*** Begin section ***
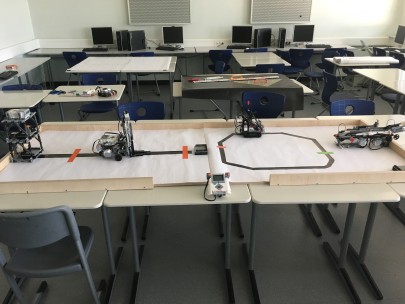 Der Arbeitsbereich entwickelt für das Hessische Kultusministerium, die Hessische Lehrkräfteakademie und die Hessische Landesstelle für Technologiefortbildung aktuell eine mehrtägige Fortbildungsreihe zum Thema Digitalisierung technischer Berufe / Industrie 4.0 für Lehrpersonen an Berufsschulen Link Projekt. Anstelle hier mit aufwändigen und betriebsnahen Anlagen und Hardwarekomponenten zu arbeiten, wird hier ein anderer Weg der Technologie-Handhabung eingeschlagen: Mit Lego-Mindstorm-Elementen wird eine industrielle Logistik-Umgebung in großer Komplexität simuliert, so dass Sensorik, Aktorik, Vernetzung, Daten-Präsenz und -Verarbeitung dem entsprechen, was aktuell in smarten Produktionsumgebungen umgesetzt wird. Dem Nachteil, dass hier mit „Spielzeug“ gearbeitet wird, stehen zwei enorme Vorteile gegenüber: 1. Die gesamte Technik ist – bei gleicher Funktionalität – einfacher, zugänglicher und transparenter. 2. Alles lässt sich mit geringen Kosten und Aufwand erweitern, ergänzen und auf dem neuesten technischen Stand halten. Im Herbst startet die Fortbildungsreihe als Pilotstudie mit 5 heterogenen Dreierteams (Lehrpersonen aus den Bereichen Mechatronik, Metalltechnik, Elektrotechnik und Informatik) aus verschiedenen hessischen Berufsschulen. Das Konzept der Fortbildung integriert a) eine fundierte Einführung in die Technologie durch einen Industriepartner (SAMSON-AG), b) einen didaktisch-methodischen Input durch die TU Darmstadt und c) die eigenständige Entwicklung innovativer Unterrichtssequenzen der Lehrpersonenteams. Diese Entwicklung individueller I 4.0-Lernumgebungen durch die FortbildungsteilnehmerInnen wird unmittelbar von jenen Lehrpersonen (aus den Berufsschulen Hanau und Offenbach) betreut, die das good-practice-Beispiel für die Fortbildung (Foto_1) (Foto_2) entwickelt haben. Die Abbildung zeigt den Lernträger, in welchem eine Roboter-Transport-Umgebung mit Förderband und Hochregal realisiert wurde. Die beiden anderen Fotos zeigen die Lego-Roboter.
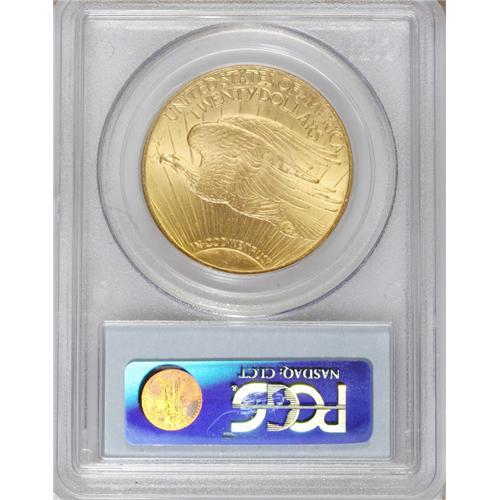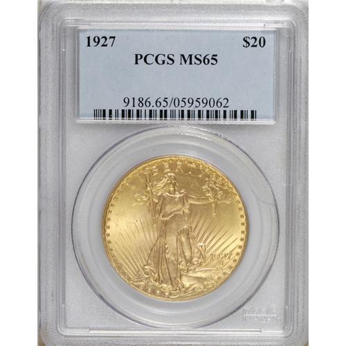 <B>1927 $20 MS65 PCGS.</B></I> A lovely apricot-gold example of this perennial favorite of type collectors. Minimally marked and solidly detailed with low-key, pleasing luster and a triangular copper spot above and between STATES OF on the reverse.<BR><BR><b>Shipping:</b> Coins & Currency (<a target="_blank" href="http://www.heritageauctions.com/common/shipping.php">view shipping information</a>)
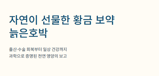 "출산 후나 수술 후, 왜 사람들은 가장 먼저 늙은호박을 찾을까요?"
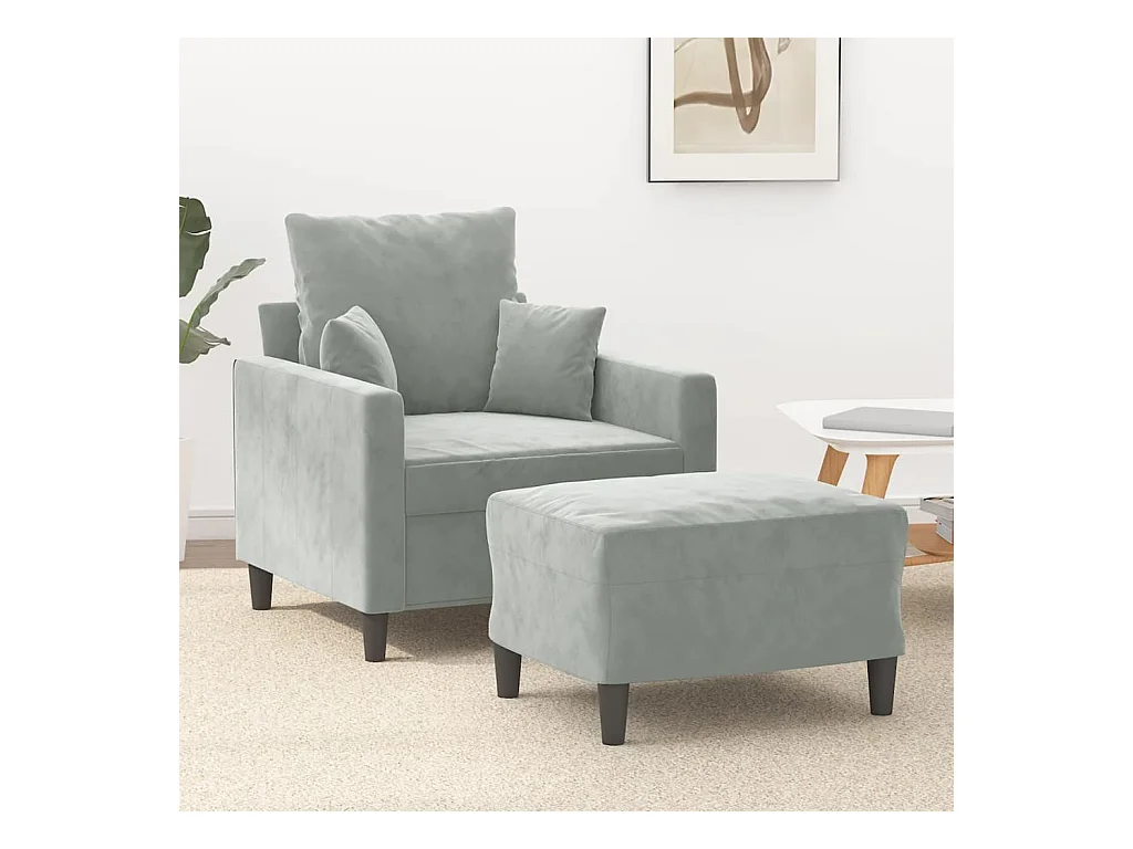 Fauteuil avec repose-pied Gris clair 60 cm Velours
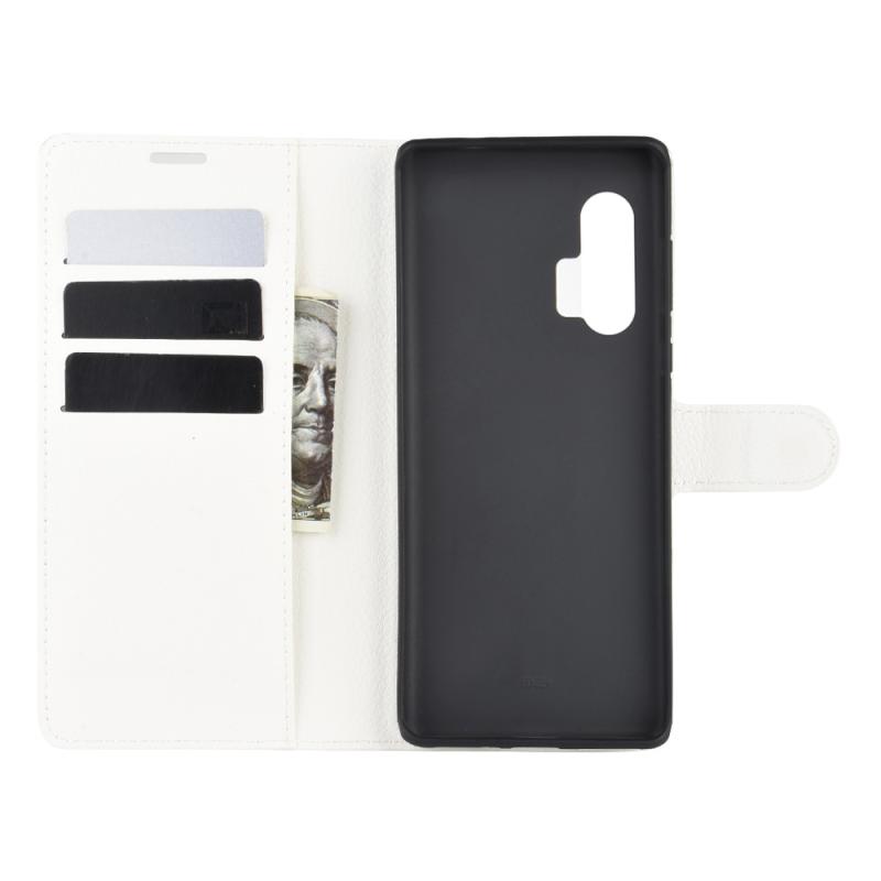 Θήκη προστασίας οριζόντιας αναδίπλωσης με υφή Litchi για Motorola Edge+ με βάση στήριξης & υποδοχές καρτών & πορτοφόλι (Λευκό)
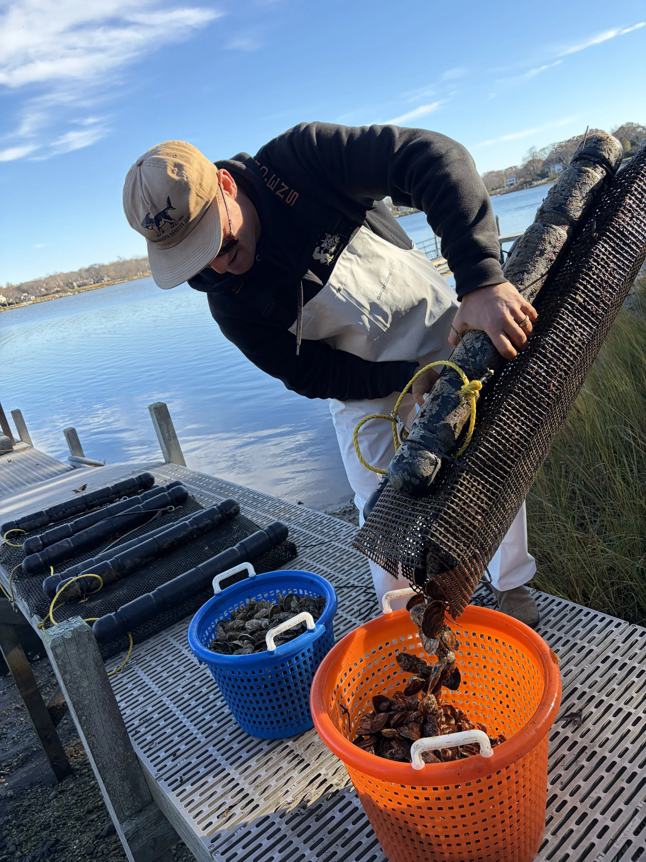 Annual cost includes 1,000 baby oysters (spat) from Cornell Cooperative Extension’s SPAT Program + Full Set Up & Maintenance Service provided by the Dawgpatch Crew.
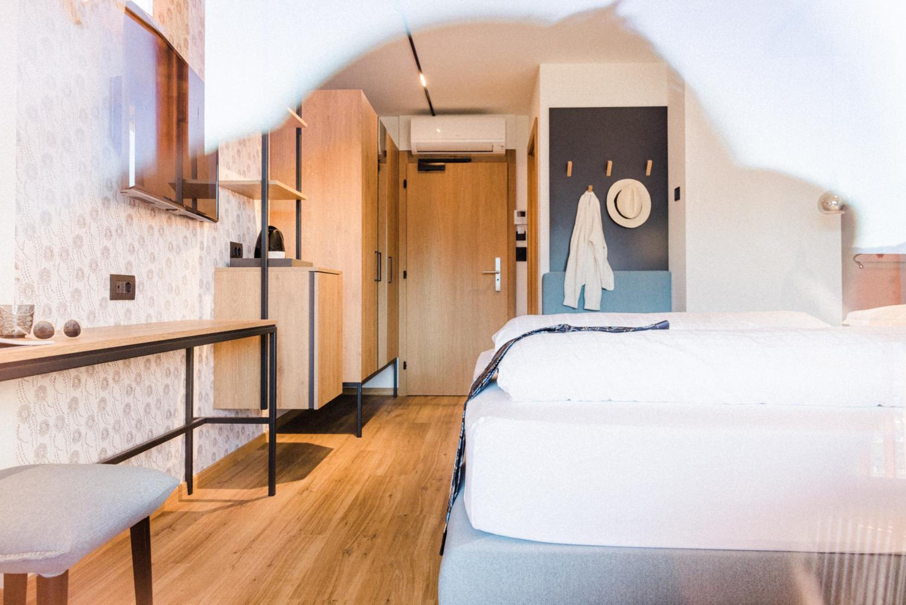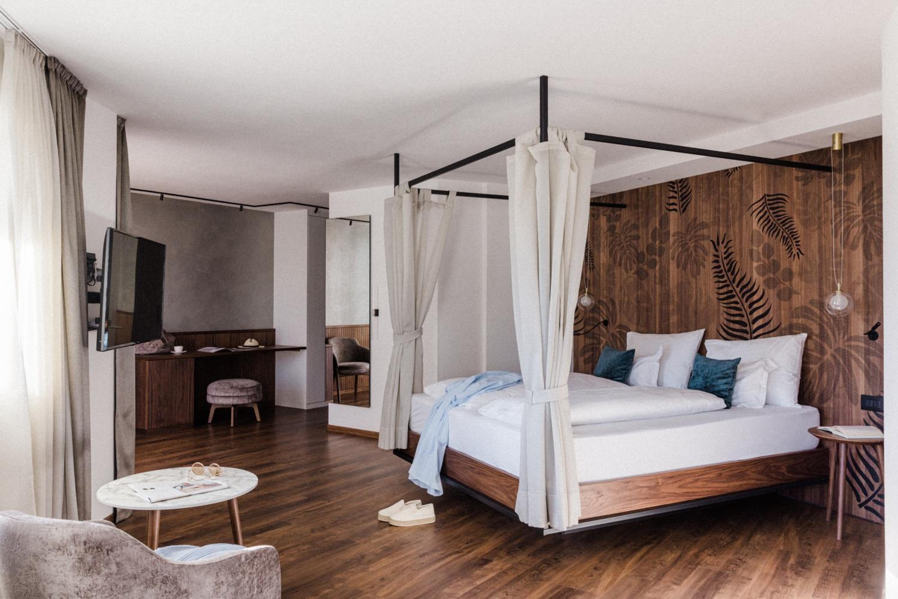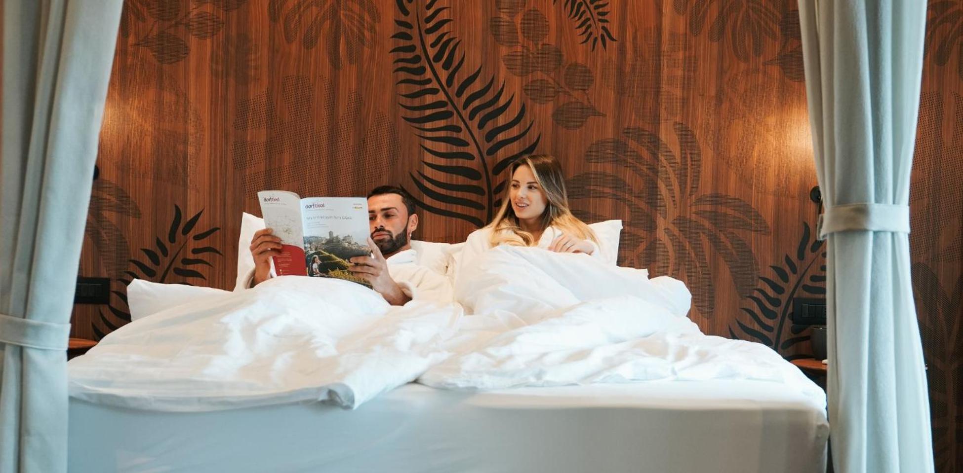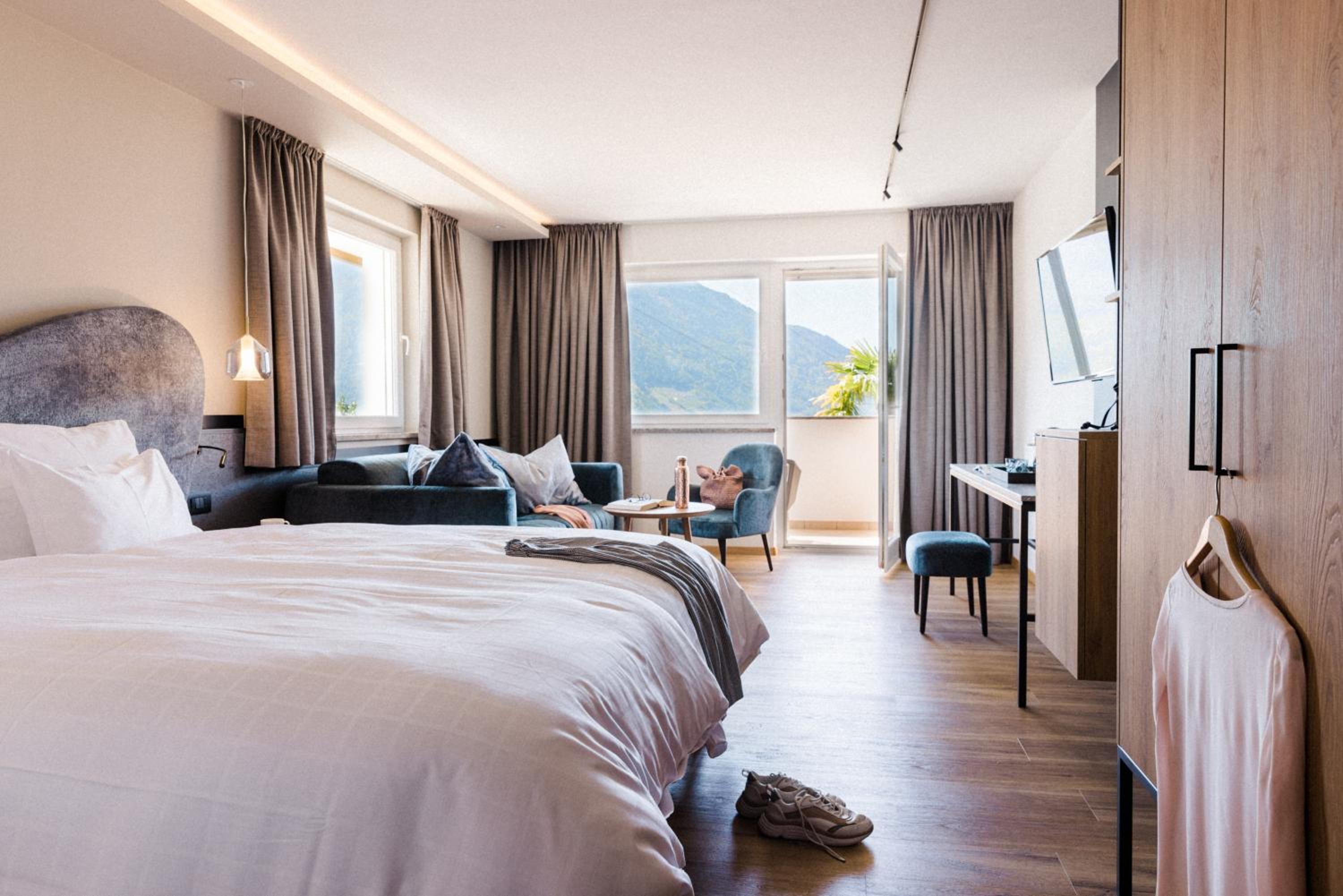 Luxurious Accommodation: Hotel Paradies in Tirolo offers air-conditioned rooms with modern amenities like a coffee machine, minibar, and flat-screen TV. Some rooms even boast stunning city views and balconies for a relaxing stay.
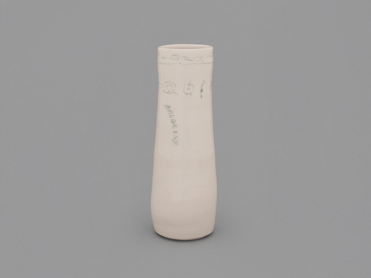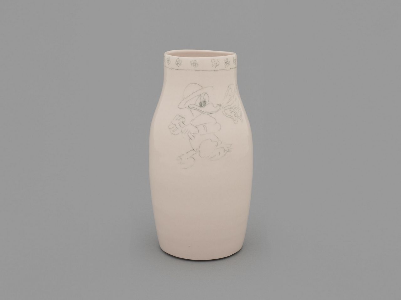Their collaboration also carries a practical and symbolic dimension. When Suarez Frimkess was no longer able to produce ceramic forms herself, Kusaka stepped in to create vessels for her to draw upon. Using underglaze pencil, Suarez Frimkess continues to inscribe her imagery onto these surfaces—an adaptation that preserves the immediacy of her hand while introducing a new layer of artistic dialogue.
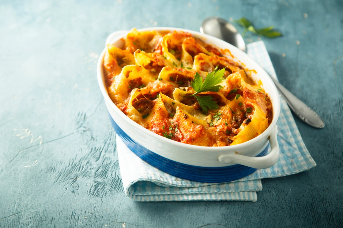 Serve bolognese pasta bake with pumpkin salad and breadrolls.
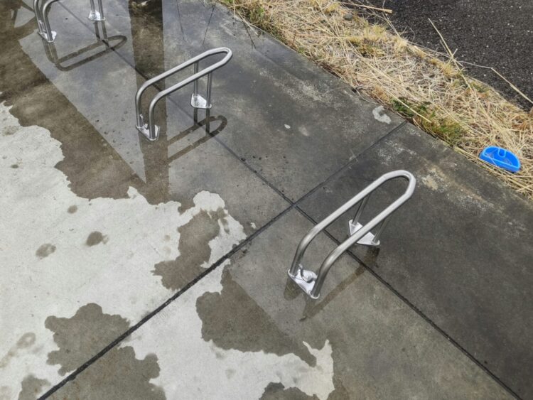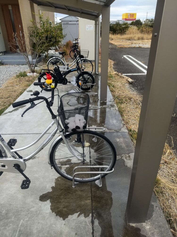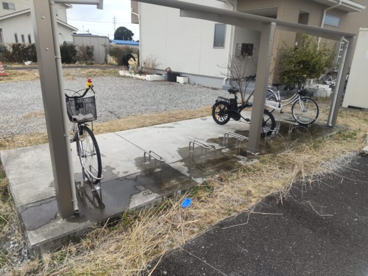 強風で自転車が転倒してしまうとのご相談で、7台分の駐輪ラックを取付けました。
*** End section ***
EXERCISE DESCRIPTION
Reproduce, word for word, only the lines in the records above from the line with "Θήκη προστασίας οριζόντιας" through the line with "Annual cost includes", including both ends; omit the pictures.

ANSWER TO THIS TASK
 Θήκη προστασίας οριζόντιας αναδίπλωσης με υφή Litchi για Motorola Edge+ με βάση στήριξης & υποδοχές καρτών & πορτοφόλι (Λευκό)
 Annual cost includes 1,000 baby oysters (spat) from Cornell Cooperative Extension’s SPAT Program + Full Set Up & Maintenance Service provided by the Dawgpatch Crew.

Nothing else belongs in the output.